• **Problem to work on**:
Your answer should hold exactly the lines below from the line with "Realizzata in Spagna" through the line with "Изменения геомагнитного индекса", both included, and no pictures at all.

• **Records for this exercise**:
+===+
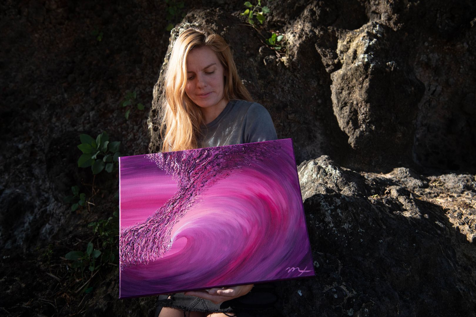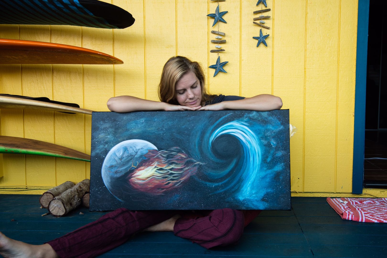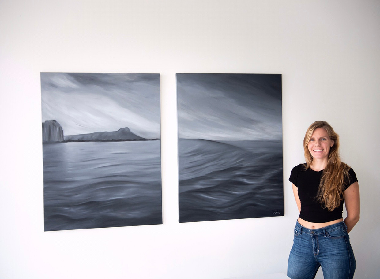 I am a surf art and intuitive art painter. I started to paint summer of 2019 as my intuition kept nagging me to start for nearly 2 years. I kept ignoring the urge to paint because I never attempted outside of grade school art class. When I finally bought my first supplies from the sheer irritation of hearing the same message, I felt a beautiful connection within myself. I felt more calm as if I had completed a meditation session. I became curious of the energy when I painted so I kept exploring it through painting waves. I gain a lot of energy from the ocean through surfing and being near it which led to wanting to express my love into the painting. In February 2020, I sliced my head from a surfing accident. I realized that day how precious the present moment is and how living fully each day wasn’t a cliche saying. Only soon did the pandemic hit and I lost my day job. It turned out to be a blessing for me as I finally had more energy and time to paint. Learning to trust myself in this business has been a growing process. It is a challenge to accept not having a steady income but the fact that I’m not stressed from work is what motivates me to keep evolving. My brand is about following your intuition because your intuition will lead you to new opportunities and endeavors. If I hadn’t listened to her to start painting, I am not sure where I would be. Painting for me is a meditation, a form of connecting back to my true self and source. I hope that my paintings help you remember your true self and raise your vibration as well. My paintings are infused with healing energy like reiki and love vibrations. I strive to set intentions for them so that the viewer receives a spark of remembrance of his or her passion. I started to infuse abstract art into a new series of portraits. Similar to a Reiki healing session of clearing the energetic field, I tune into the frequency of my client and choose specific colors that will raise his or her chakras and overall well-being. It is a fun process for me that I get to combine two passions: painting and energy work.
+===+
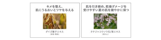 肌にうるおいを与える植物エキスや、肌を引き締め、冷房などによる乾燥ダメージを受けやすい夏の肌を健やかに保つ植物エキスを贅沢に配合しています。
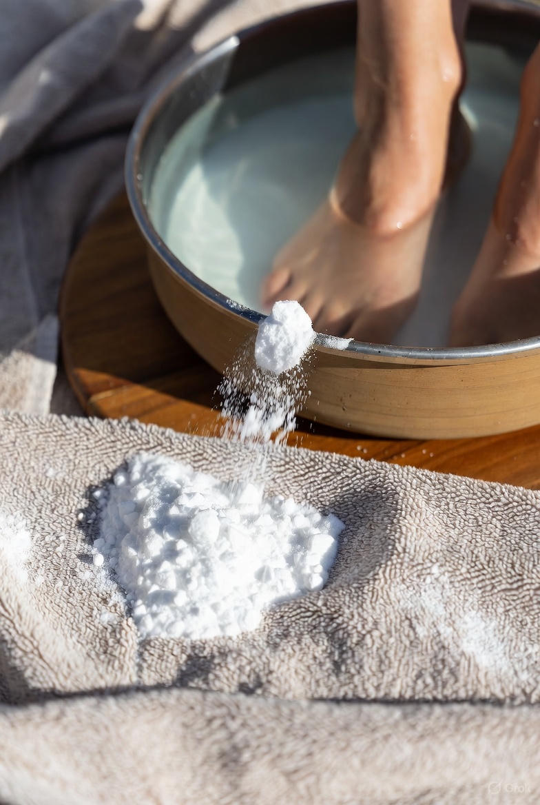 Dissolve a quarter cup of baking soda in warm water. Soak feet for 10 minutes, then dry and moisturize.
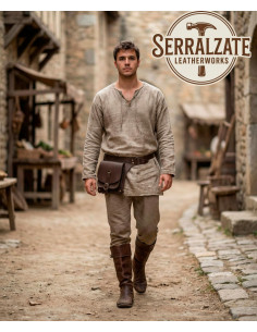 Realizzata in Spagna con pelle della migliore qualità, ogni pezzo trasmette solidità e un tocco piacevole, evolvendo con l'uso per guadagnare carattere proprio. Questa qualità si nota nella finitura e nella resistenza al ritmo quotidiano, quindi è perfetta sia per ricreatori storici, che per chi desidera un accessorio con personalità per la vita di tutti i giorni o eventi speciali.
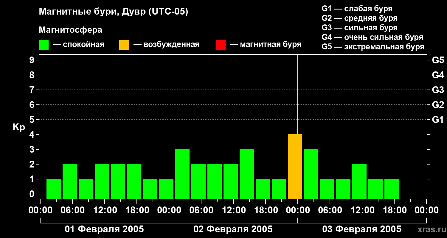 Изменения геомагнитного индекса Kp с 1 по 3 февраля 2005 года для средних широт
+===+
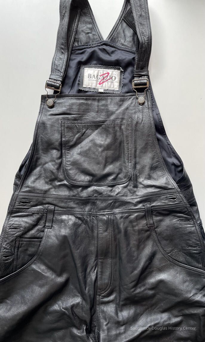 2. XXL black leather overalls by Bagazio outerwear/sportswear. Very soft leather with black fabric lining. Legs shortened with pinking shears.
+===+
• **Solution for this task**:
 Realizzata in Spagna con pelle della migliore qualità, ogni pezzo trasmette solidità e un tocco piacevole, evolvendo con l'uso per guadagnare carattere proprio. Questa qualità si nota nella finitura e nella resistenza al ritmo quotidiano, quindi è perfetta sia per ricreatori storici, che per chi desidera un accessorio con personalità per la vita di tutti i giorni o eventi speciali.
 Изменения геомагнитного индекса Kp с 1 по 3 февраля 2005 года для средних широт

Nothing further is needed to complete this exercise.